History UnErased is putting LGBTQ history in its rightful place — the classroom — and uniting all "We the People" with a more complete story of America. UnErased.org

Deb Fowler: Hello, and welcome to UnErasing LGBTQ History and Identities: A Podcast. I’m Deb Fowler, co-founder of History UnErased.

In May 1970, a group of lesbian activists walked into a major feminist conference wearing purple shirts emblazoned with the words "Lavender Menace." Within hours, they had forced the women's movement to confront a question it had largely avoided: Could feminism truly fight for all women while excluding lesbians? Take it away, Kathleen! 

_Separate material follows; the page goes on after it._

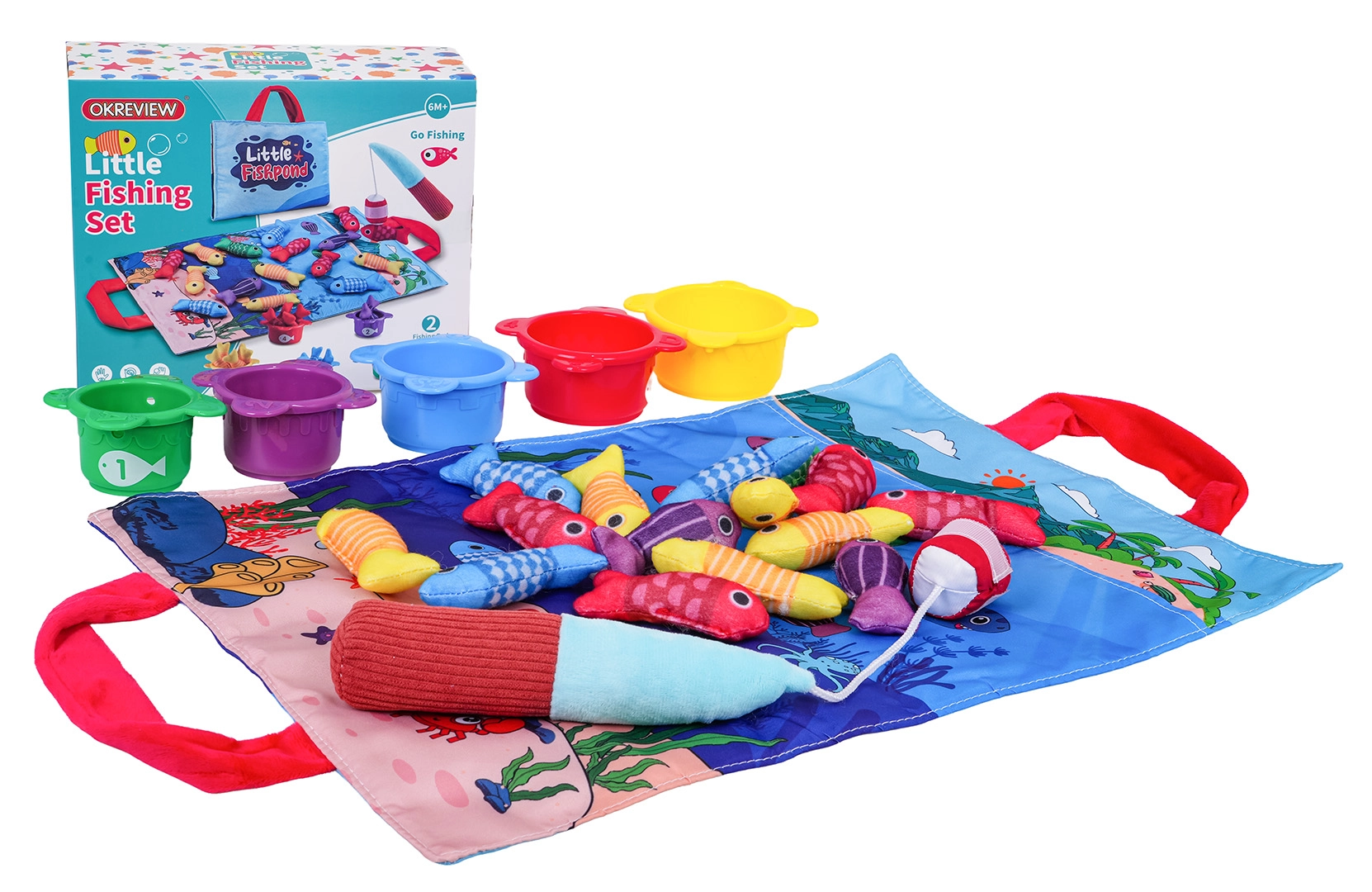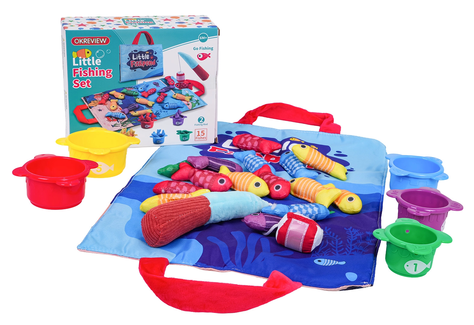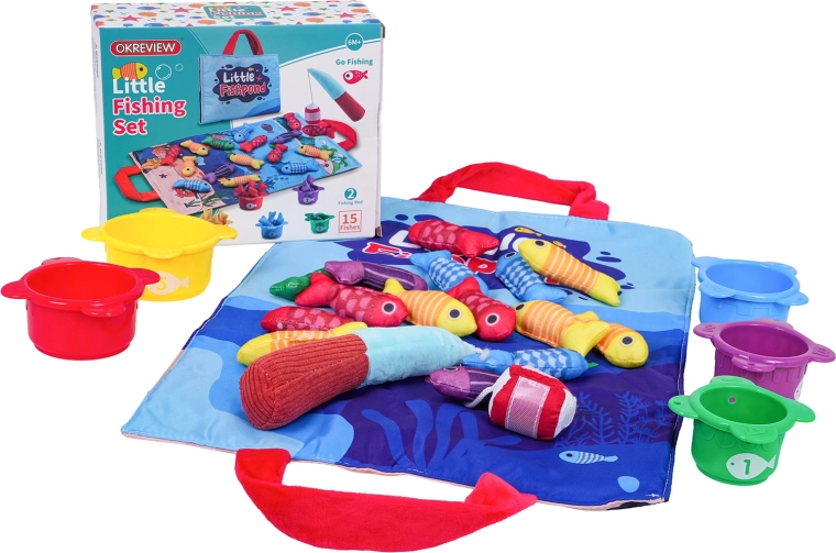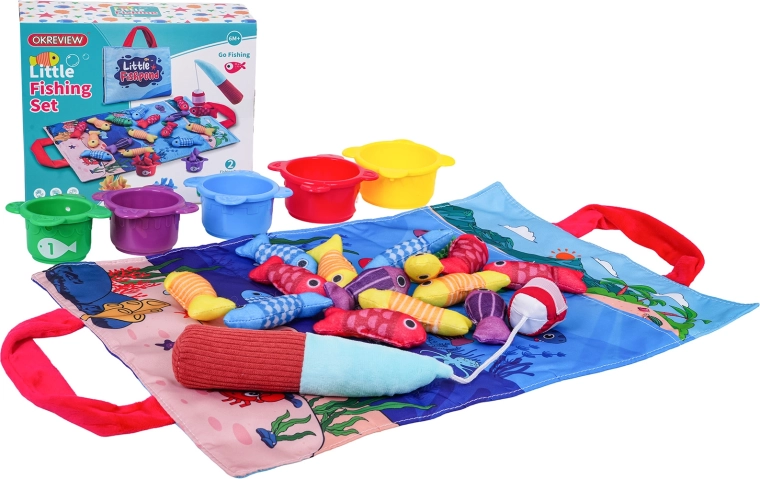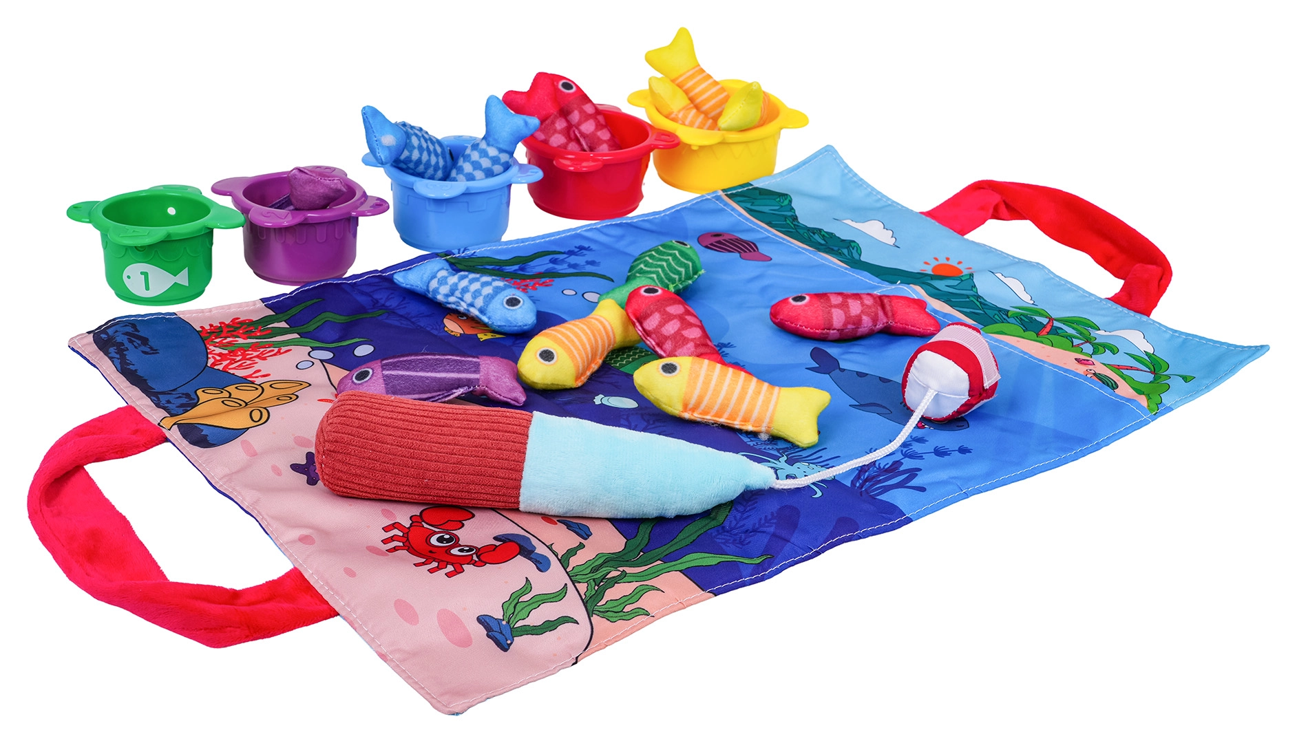 Objavte hravú aktivitu pre najmenších: mäkký rybársky set s látkovou podložkou, 15 rybkami, 5 kelímkami a mäkkým prútom na suchý zips. Podporuje rozvoj jemnej motoriky, koordináciu oko–ruka, učenie farieb a číslic aj triedenie a počítanie. Praktická podložka s úchytmi na prenášanie slúži aj ako taška na uloženie celého setu.

Kathleen Barker: The late 1960s witnessed the simultaneous rise of two transformative social movements in the United States: the gay liberation movement and second-wave feminism. While each emerged in response to distinct forms of oppression, they developed alongside one another, often sharing activists, strategies, and a common critique of traditional gender roles. The catalyst for the modern gay liberation movement was, of course, the Stonewall Uprising of June 1969, when patrons of the Stonewall Inn in New York City resisted a routine police raid. The uprising galvanized LGBTQ communities across the country, inspiring the formation of dozens of organizations such as the Gay Liberation Front and the Gay Activists Alliance, which rejected earlier assimilationist approaches in favor of direct action and demands for full social and political equality.

At the same time, second-wave feminism was expanding its focus beyond legal equality to challenge the broader structures of sexism embedded in American society. While first-wave feminism had focused primarily on securing women's right to vote in the late nineteenth and early twentieth century, second-wave activists challenged a much broader range of social, political, economic, and cultural inequalities, transforming American society and expanding the fight for women's equality beyond the legal gains achieved by earlier generations. Feminists argued that discrimination against women was embedded in everyday life, from the workplace and educational institutions to family structures, media representations, and laws governing reproductive rights. Inspired in part by the civil rights movement and anti-Vietnam War activism, women increasingly organized to demand equal opportunities and challenge traditional gender roles.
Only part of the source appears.